EXERCISE PROMPT » Please give all of the data again, character for character, and drop the pictures.
#### DATASET SECTION ####
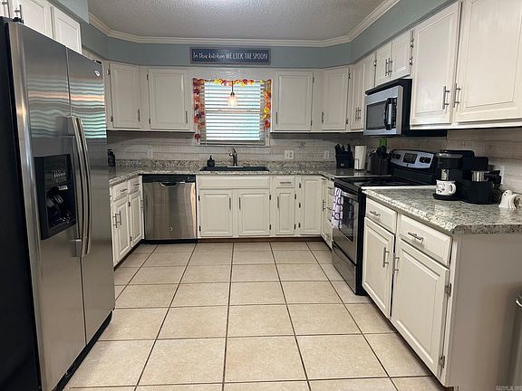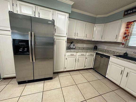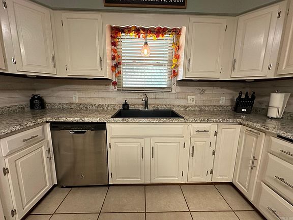 Three bedrooms and two bathrooms, with a very large living room, vaulted ceiling with painted wood beams, wood burning fireplace, large front windows, open to kitchen area, pantry and refrigerator will convey. Dining area has built in bench for storage and seating. Primary bedroom is a great size with french doors leading out to the cozy patio. Great walk-in closet in primary. Fenced in backyard, portable metal building will convey. New roof 2024, water heater Dec 2022, AC unit compressor replaced in June 2023. Smart thermostat, Ring doorbell, Vivint security system (transfer to new owner).
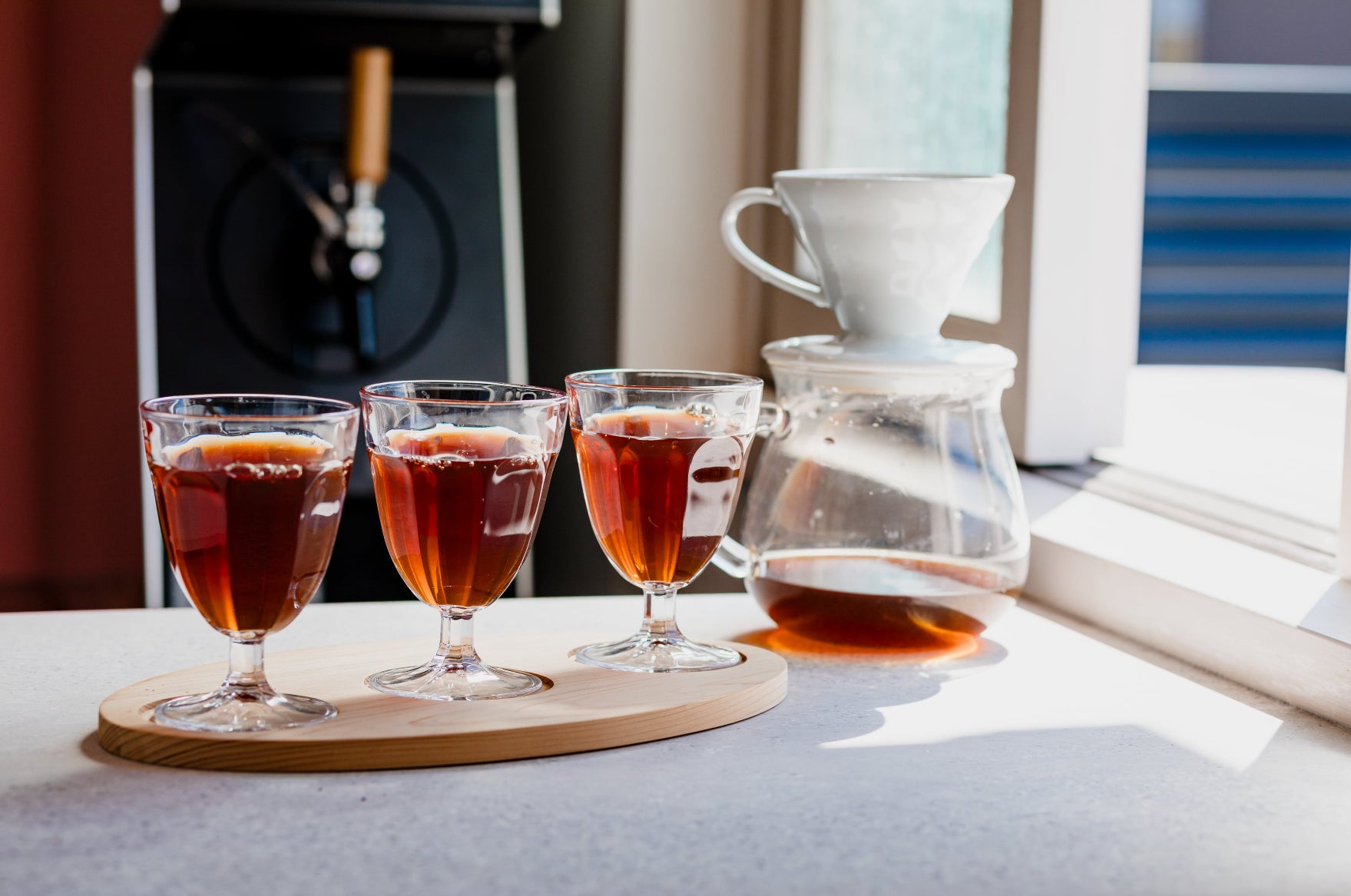 alt.が浅煎りコーヒーにこだわる理由は、産地によって特徴が異なる豆の個性・フレーバーを最大限引き出し、本来はフルーツであるコーヒーを、一番おいしく感じられるためです。そのため、砂糖をいれなくても甘さを感じられるように基本的にブラックで提供し、そして豊かな香味の経時変化を楽しめるように、ワイングラスで提供します。
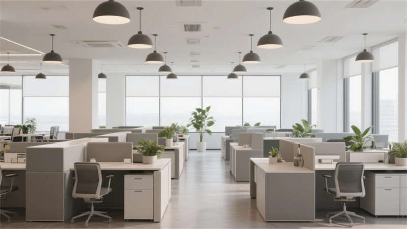 本辦公樓設(shè)計(jì)以簡(jiǎn)約現(xiàn)代風(fēng)格為核心,打造一個(gè)統(tǒng)一而流暢的空間體驗(yàn)。整體強(qiáng)調(diào)功能性、舒適性和美學(xué)平衡,每個(gè)功能區(qū)均采用中性色調(diào)、干凈線條和自然元素,營(yíng)造出寧?kù)o和諧的環(huán)境。大堂入口以開(kāi)放通透的布局迎接用戶(hù),結(jié)合玻璃幕墻和木質(zhì)細(xì)節(jié),傳遞專(zhuān)業(yè)而溫馨的第一印象。開(kāi)放式辦公區(qū)通過(guò)模塊化家具和充足采光,促進(jìn)團(tuán)隊(duì)協(xié)作與效率。會(huì)議室設(shè)計(jì)注重靈活性,透明隔斷和集成設(shè)備支持高效交流。員工休息區(qū)和餐廳咖啡吧作為社交中心,提供舒適休閑空間,增強(qiáng)員工福祉。經(jīng)理辦公室平衡隱私與開(kāi)放性,簡(jiǎn)約家具營(yíng)造專(zhuān)注氛圍。走廊和衛(wèi)生間延續(xù)統(tǒng)一美學(xué),注重清潔與引導(dǎo)性,確??臻g銜接自然。
####
SOLUTION TO THIS TASK »
 Three bedrooms and two bathrooms, with a very large living room, vaulted ceiling with painted wood beams, wood burning fireplace, large front windows, open to kitchen area, pantry and refrigerator will convey. Dining area has built in bench for storage and seating. Primary bedroom is a great size with french doors leading out to the cozy patio. Great walk-in closet in primary. Fenced in backyard, portable metal building will convey. New roof 2024, water heater Dec 2022, AC unit compressor replaced in June 2023. Smart thermostat, Ring doorbell, Vivint security system (transfer to new owner).
 alt.が浅煎りコーヒーにこだわる理由は、産地によって特徴が異なる豆の個性・フレーバーを最大限引き出し、本来はフルーツであるコーヒーを、一番おいしく感じられるためです。そのため、砂糖をいれなくても甘さを感じられるように基本的にブラックで提供し、そして豊かな香味の経時変化を楽しめるように、ワイングラスで提供します。
 本辦公樓設(shè)計(jì)以簡(jiǎn)約現(xiàn)代風(fēng)格為核心,打造一個(gè)統(tǒng)一而流暢的空間體驗(yàn)。整體強(qiáng)調(diào)功能性、舒適性和美學(xué)平衡,每個(gè)功能區(qū)均采用中性色調(diào)、干凈線條和自然元素,營(yíng)造出寧?kù)o和諧的環(huán)境。大堂入口以開(kāi)放通透的布局迎接用戶(hù),結(jié)合玻璃幕墻和木質(zhì)細(xì)節(jié),傳遞專(zhuān)業(yè)而溫馨的第一印象。開(kāi)放式辦公區(qū)通過(guò)模塊化家具和充足采光,促進(jìn)團(tuán)隊(duì)協(xié)作與效率。會(huì)議室設(shè)計(jì)注重靈活性,透明隔斷和集成設(shè)備支持高效交流。員工休息區(qū)和餐廳咖啡吧作為社交中心,提供舒適休閑空間,增強(qiáng)員工福祉。經(jīng)理辦公室平衡隱私與開(kāi)放性,簡(jiǎn)約家具營(yíng)造專(zhuān)注氛圍。走廊和衛(wèi)生間延續(xù)統(tǒng)一美學(xué),注重清潔與引導(dǎo)性,確??臻g銜接自然。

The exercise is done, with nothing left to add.